Hi all,
As you know, there is a plethora of excellent memoirs out there detailing the long road to recovery, one must take to heal thyself. Speaking from my own brain haemorrhage experience here, it is a long lonely road. However, the journey is worth it!
For quite some time, I have been thinking that a series of short stories in book form would be easier to read.
Your thoughts are welcome!
Blessings to you. xx
It’s been 8 years since head injury. I would die that night but didn’t. I was in a coma and they were going to take me off life support and I moved. I would never walk , I do. I would never talk, drive, live alone, I do. Iv pushed so hard. Google my name
Thanks Candace. You are lucky to be alive and achieving all you have, since your head injury. It's the perseverance that keeps us going.
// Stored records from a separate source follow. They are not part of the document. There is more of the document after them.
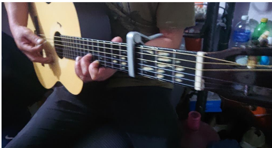
Ilustración 17. "El que canta en las fiestas". Febrero de 2022.

Para ejemplificar lo recién expresado, la fotografía anterior muestra un momento clave dentro de la situación de consumo. En este caso, la persona que toca la guitarra se gana la vida cantando a diario en bares y restaurantes de la ciudad de Pachuca (por cómo puede notarse en el desgaste de los trastes), y siendo este un trabajo comúnmente infravalorado, es difícil encontrarle con mucho tiempo libre. Sin embargo, dio la casualidad de que, mientras que nos dirigíamos hacia una reunión, quien escribe y el dueño de la casa, lo encontramos terminando su jornada, por lo cual, mi acompañante no dudó en invitarlo también. Unos 40 minutos después de haberlo encontrado, él y su esposa se presentaron en el lugar de encuentro con dos jugos de mango, una botella de vodka y una cajetilla de cigarrillos. Y mientras la noche avanzaba, se notó como su personalidad era placentera y amigable, logrando con historias sobre las cosas que le han pasado en los eventos a los que lo contratan entretener a los demás miembros del grupo (que en ese momento éramos 7) y con canciones populares de distintos géneros (que se animó a cantar después de un rato bebiendo) incentivar un consumo más abundante.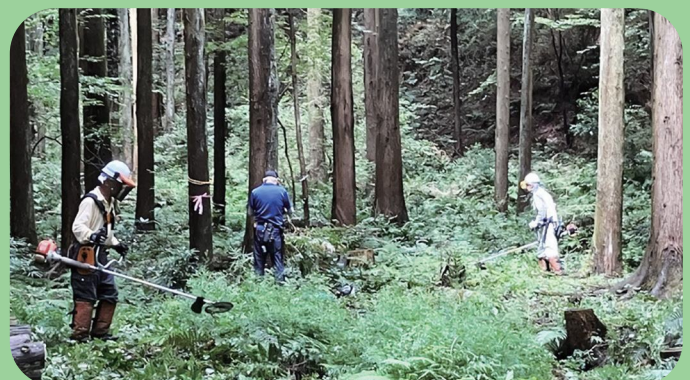
ボランティアによる整備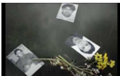
Figura 14. Nélidea ofrenda a la laguna fotografías de los mártires del agua. Still Frame de Hija de la Laguna (2015)

Este uso del archivo visual se intensifica en la escena 12, cuando la película recurre a la fotografía como un elemento de ofrenda a los muertos de la represión estatal en Celendín y Bambamarca (2012). Las imágenes de los rostros de los fallecidos flotando en la laguna (ver Figura 14) resignifican el archivo en un gesto simbólico y ritual, alejándose del registro periodístico y acercándose a una dimensión espiritual y de duelo colectivo.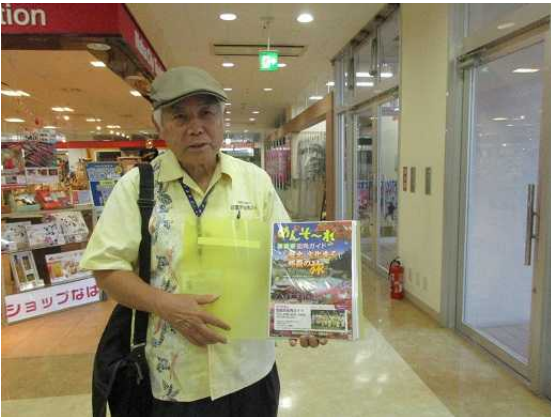
写真は、待ち合わせ場所で初顔合わせ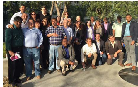
Reunião da LACRALO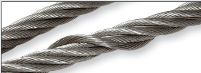
Lockerung der Außenlage

Vor der Überprüfung ist die Seilschlaufe zu reinigen. Es sind folgende Kriterien zu beachten: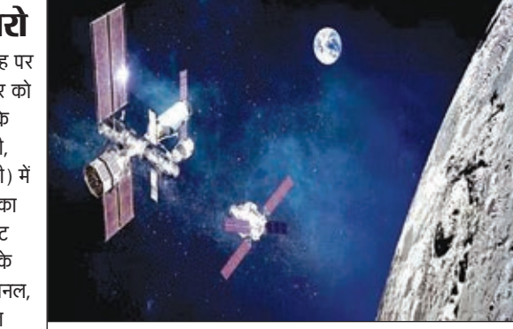
चंद्रयान ने भेजी चांद के साथ-साथ पृथ्वी की खूबसूरत तस्वीर ।

बुधवार को देश के लिए आखिरी के 20 मिनट बड़ी मुश्किल से बीतेगे जब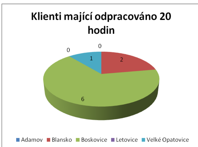
Graf č. 3:

V uvedeném měsíci a obvodu odpracovalo 9 klientů po 20 hodinách. V Blansku to byli 2 klienti, v Boskovicích 6 a ve Velkých Opatovicích 1 klient.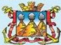
Герб г. Петропавловска-Камчатского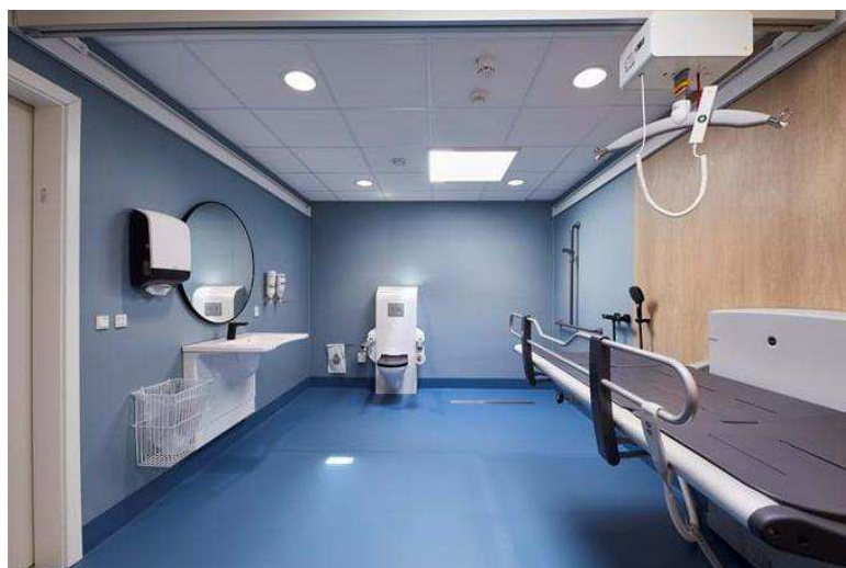
Illustration af såkaldt Spaces-handicaptoliet i Aarhus Kommune.

Parker, Kirkegårde og Renhold Kvalitet Njalsgade 17 Postboks 394 2300 København S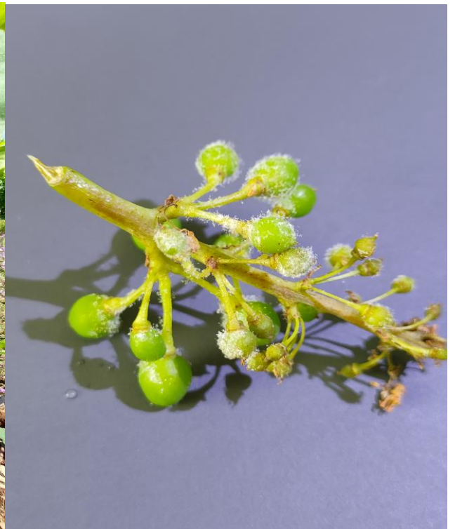
Προσβολή περονοσπόρου σε βότρυες και κονιδιοφόροι του μύκητα.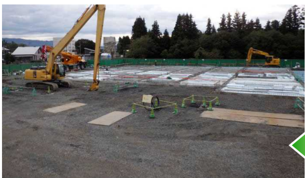
11月上旬 基礎の工事が完了し、埋め戻し作業を行っています。写真は、土間(1Fの床)の工事などを行っているところです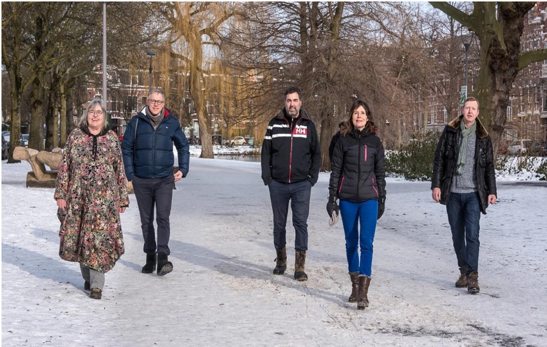
Coronaproef op de foto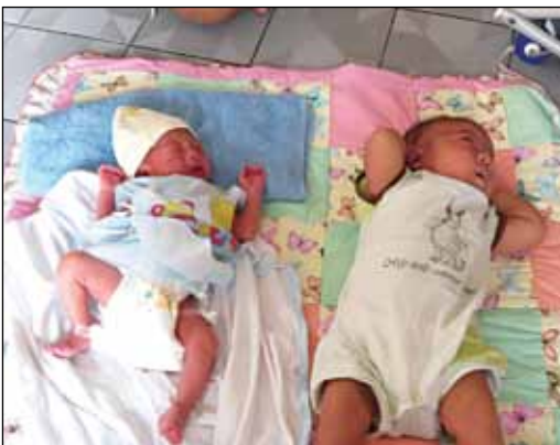
Be om deres beskyttelse: Babyer på Nådehjemmet i Bangkok.

Helseministeren i Thailand kom med en uheldig kommentar en dag, han ble så sint på noen utlendinger som ikke tok imot gra-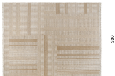
400 428 con frange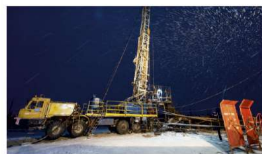
БЕЗ ОПАСНОСТЕЙ Взгляд из региона – Надымский филиал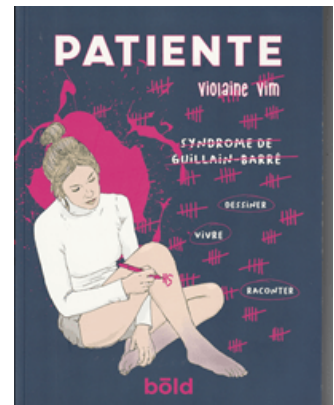
Couverture du livre de Violaine Vim

Si vous ne souhaitez pas acheter ces livres, demandez à la Maison pour tous, la Médiathèque ou la bibliothèque les plus proches de chez vous de les acheter. Vous pourrez les emprunter et les lire. Vous découvrirez que le Syndrome de Guillain-Barré peut s'inviter dans votre organisme (2.000 cas/an en France), à la suite d'une banale pathologie (grippe, mononucléose-maladie du baiser, hépatite, zona, oreillons, rougeole, rubéole, coqueluche, gastro-entérite, pneumonie, etc.) ou de certains vaccinations (à surveiller) ou récemment des maladies transmises par moustiques (dengue, zika, chikungunya). Ce sont des gâchettes dans le jargon de mon médecin neurologue (2019-2020). Ces gâchettes peuvent déclencher une des formes graves du syndrome de Guillain-Barré, celle où les douleurs sont insupportables ! Où plane le risque de la paralysie des muscles respiratoires et l'issue fatale, sauf diagnostics dans les délais les plus rapides et les soins appropriés. Dans la majorité des cas où ces soins ont tardé (Violaine Vim, 2023, snp), la guérison sera longue. Dans la forme axonale (Claude Pinault) la guérison est longue à venir. Pourtant, au long des derniers chapitres (3 et 4), les établissements de rééducation successifs arriveront à le remettre debout ! Il a vaincu ! Avec un mental d'acier, il a fait travailler en pensée les zones de son cerveau qui commandent ses membres [1] . Le miracle est arrivé : un jour un doigt tressaille ! Le « jus » recommence à circuler. Dans les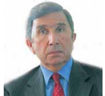
العميد اسعد غانم مدير الجمارك العام

وأبدى مصدر مسؤول في مرفأ بيروت لـ «البيان الاقتصادي» استغرابه لهذا التراجع لأنه لم يعكس الواقع الحقيقي لحركة مرفأ العاصمة التي جاءت أكبر مما كانت عليه في نيسان الماضي.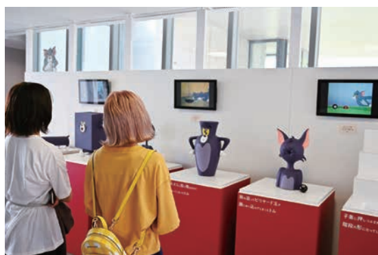
9月 尾道市立美術館で開催された「トムとジェリー展」の入館者が3万人を突破！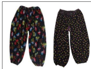
Şekil 5. Dizliğe ait görsel

Şalvara benzeyen dizlik, fistanın altına giyilir ve paça boyu diz altındadır. Dizliğin bel kısmına ve paça uçlarına lastik takılarak giyilir. Fistanın altına giyilerek fistanın kabarık durmasını sağlar.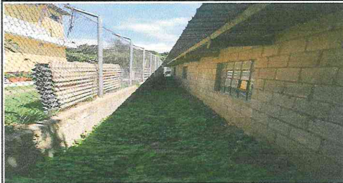
Foto 1: No se cuenta con canal de agua pluvial de concreto y afecta las paredes de las aulas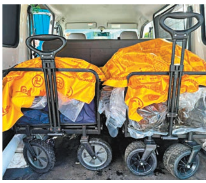
◆貓屍將交由寵物善終公司善後。

生前被因多個玻璃櫃及貓籠 現場為金水南路近錦上路157號的一間面積約700呎的單層鐵皮屋，上址連花園合共約3,000呎至4,000呎，不排除以前是用作舉辦寵物派對的場地，但至早前業主已將場地借予朋友用作收養流浪貓，鐵皮屋內放有大量玻璃櫃及貓籠。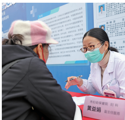
无锡市妇幼保健院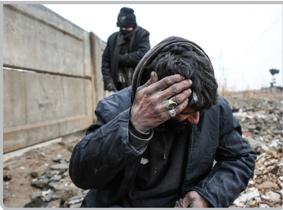
مدیرعامل سازمان ساماندهی مشاغل شهری شهرداری کرمان اعلام کرد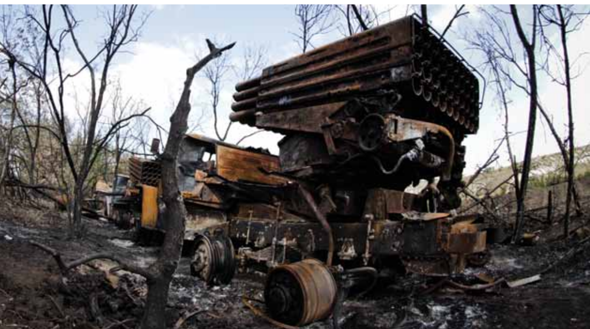
Обстрелянная из российских ракетных систем залпового огня БМ-21 «Град» и уничтоженная идентичная украинская военная техника. Дмитровка, Донецкая область, Украина. 13 сентября 2014 г.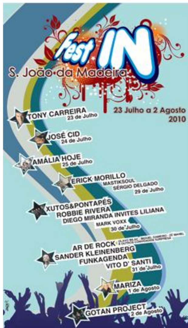
Ilustração 6 - Cartaz Fest IN São João da Madeira

Nas primeiras semanas de estágio, foi proposto ao estagiário estabelecer contactos como órgãos de comunicação social (Revista Nova Gente, Canal UP, Jornal de Noticias, Revista Sábado, Jornal O Regional, Rádio Regional Sanjoanense bem como a RTP) a fim de reforçar a campanha publicitária existente ao festival (Anexo I).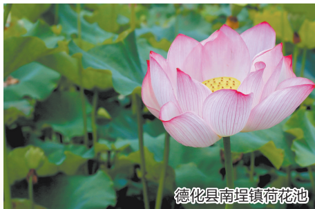
德化县南埕镇荷花池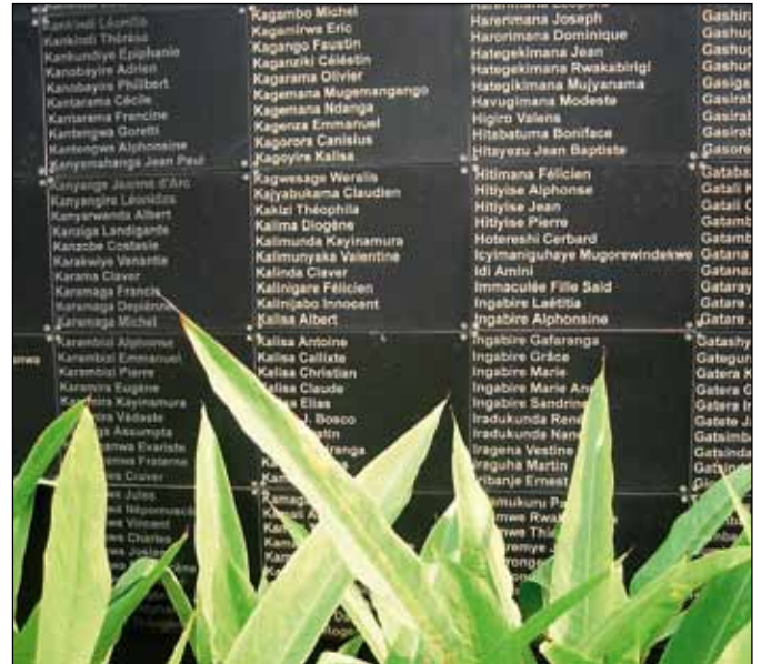
Genocide Memorial Centre in Gisozi, Kigali

waren voorts onrustwekkende uitingen van deze radicalisering. Die werd nog versneld en verhevigd door de moord op de Burundese president Melchior Ndadaye in oktober 1993. Deze laatste gold als het ware als de incarnatie van een geslaagd democratiseringsproces, maar werd drie maanden na zijn glansrijke verkiezing al vermoord door Tutsi's. De moord bracht een mokerslag toe aan het vredesproces in Rwanda, waar meer en meer burgers het vertrouwen in vrede, democratie en machtsdeling verloren. België drong erop aan om de Arusha-akkoorden met meer overtuiging uit te leggen als een noodzakelijk overgangscompromis. Een overgangscproces dat uiteindelijk zou moeten uitmonden in algemene democratische verkiezingen. Aan RPF-zijde werd echter weinig of geen animo bespeurd om eveneens vrije verkiezingen in het vooruitzicht te plaatsen.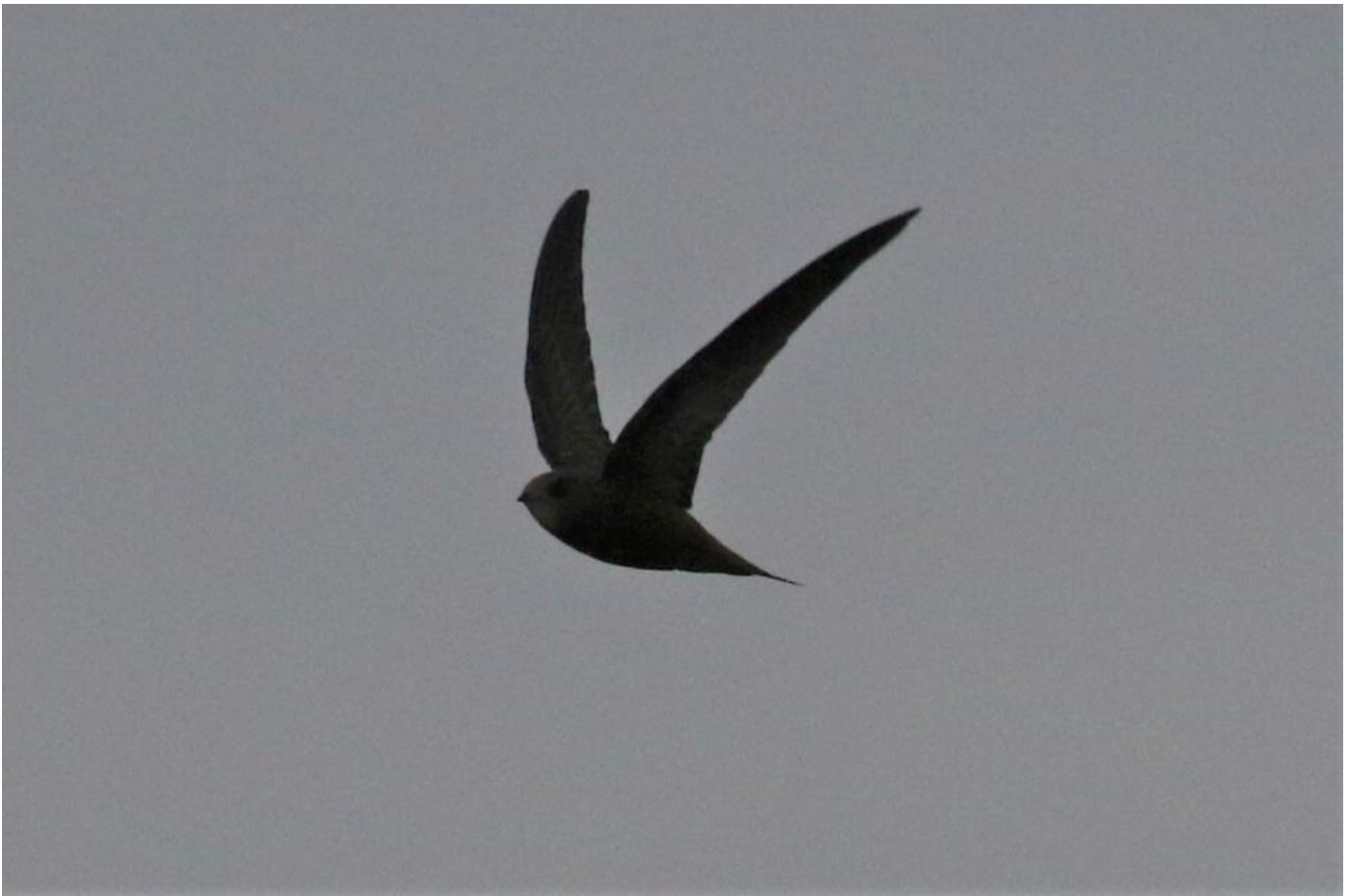
Gråsejler, Fanø den 20. oktober 2017.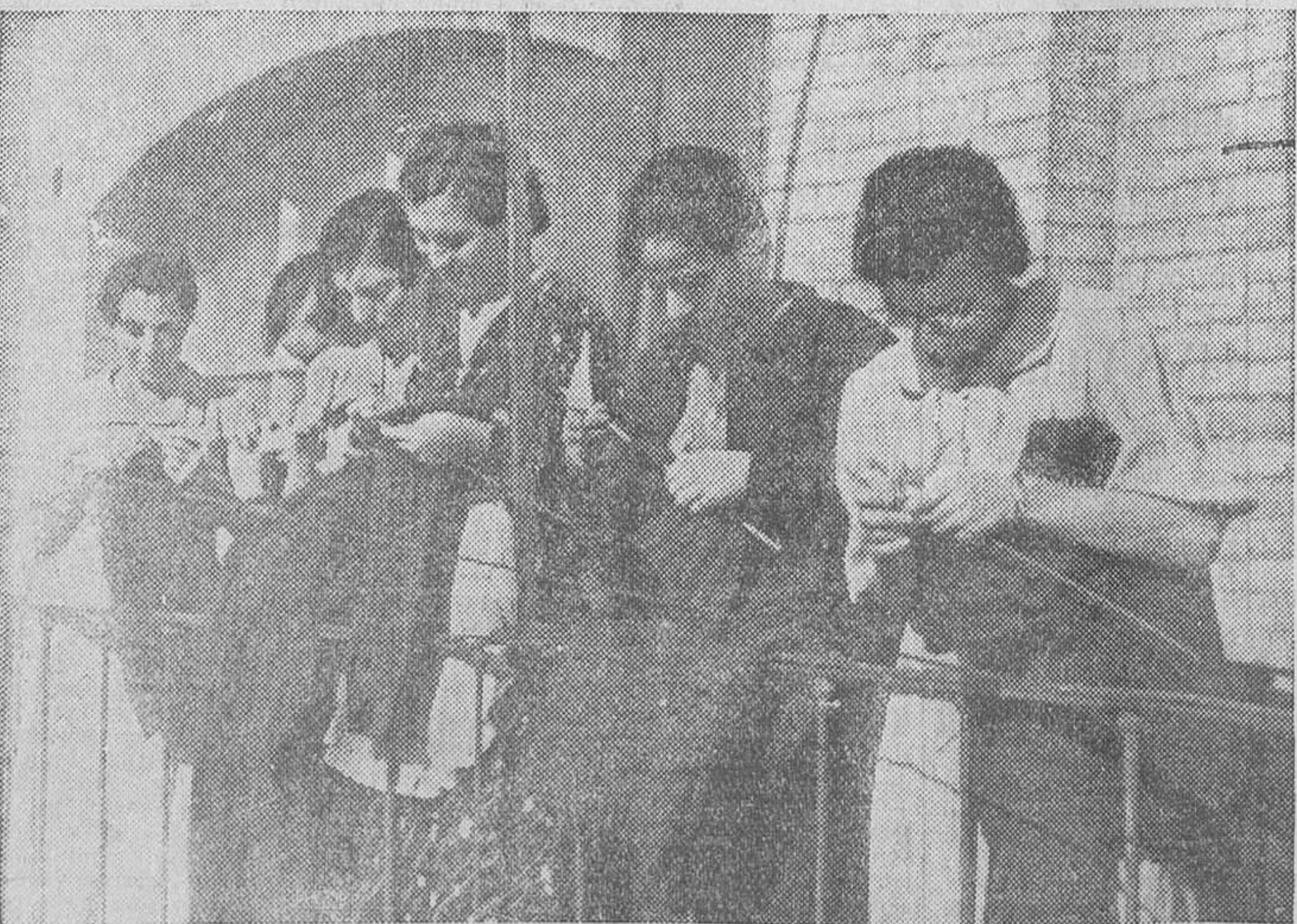
El punto, que siempre fué entretenimiento de nuestras burguesitas en sus largas horas de inactividad casera o recurso heroico para matar el tiempo en los balnearios, se ha transformado por causa de la guerra en labor intensa y eficaz que protegerá a los valientes milicianos de la crueldad del invierno. En la fotografía aparece un grupo de bellas señoritas que acuden todos los días al Monte de Piedad para elaborar jerses.

La Sociedad de Carpinteros de Taller de Madrid nos remite la siguiente nota: «Le ha sido arrebatado el carnet de Carpinteros de Taller, la cartera, documentos, el control del revólver y dos billetes de diez pesetas, por unos desconocidos que se han fingido milicianos, a las siete y media de la tarde, a un afiliado a esta Sociedad.»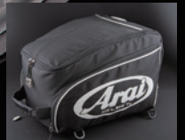
専用ヘルメットバッグ RX-7X SRC/VZ-RAM SRC共通

No I’m not lucky to be alive at all. Positive story’s always hold lies deep down. I put on a happy face and attitude but it’s false
Why do you not think you are lucky?
What is the name to Google?
I have not In all this time accepted my life now. Never tell that to anyone ever Barr you but I know I can with you. I will not accept it, this is not my life and I don’t want it. Simples. I’m living someone else’s life and I don’t like it. Google Candace Emptage ,,, just look at that smile,,, good ain’t it 🤣
It was a traumatic brain injury I had. It’s forgotten it has an arm and now it’s forgetting I have eyes and can’t work them properly. 😤
For whatever it's worth your words are very helpful, thanks. I am constantly having to look on the bright side to life as a knee jerk reaction to why I feel so bad... "At least you can walk", "at least you have enough marbles left in your head to realise you are angry" those are predominantly my two responses and reactions to the negative thoughts I have. It's draining to have that constant battle in your head all day long and it didn't really make me feel any better. Your story and your response is helpful though. You have done amazingly well and are doing amazingly well. You have a lovely, lovely smile and I really appreciate your honesty.
Yep, I hear you and understand this for sure. Luck is not how I describe it either.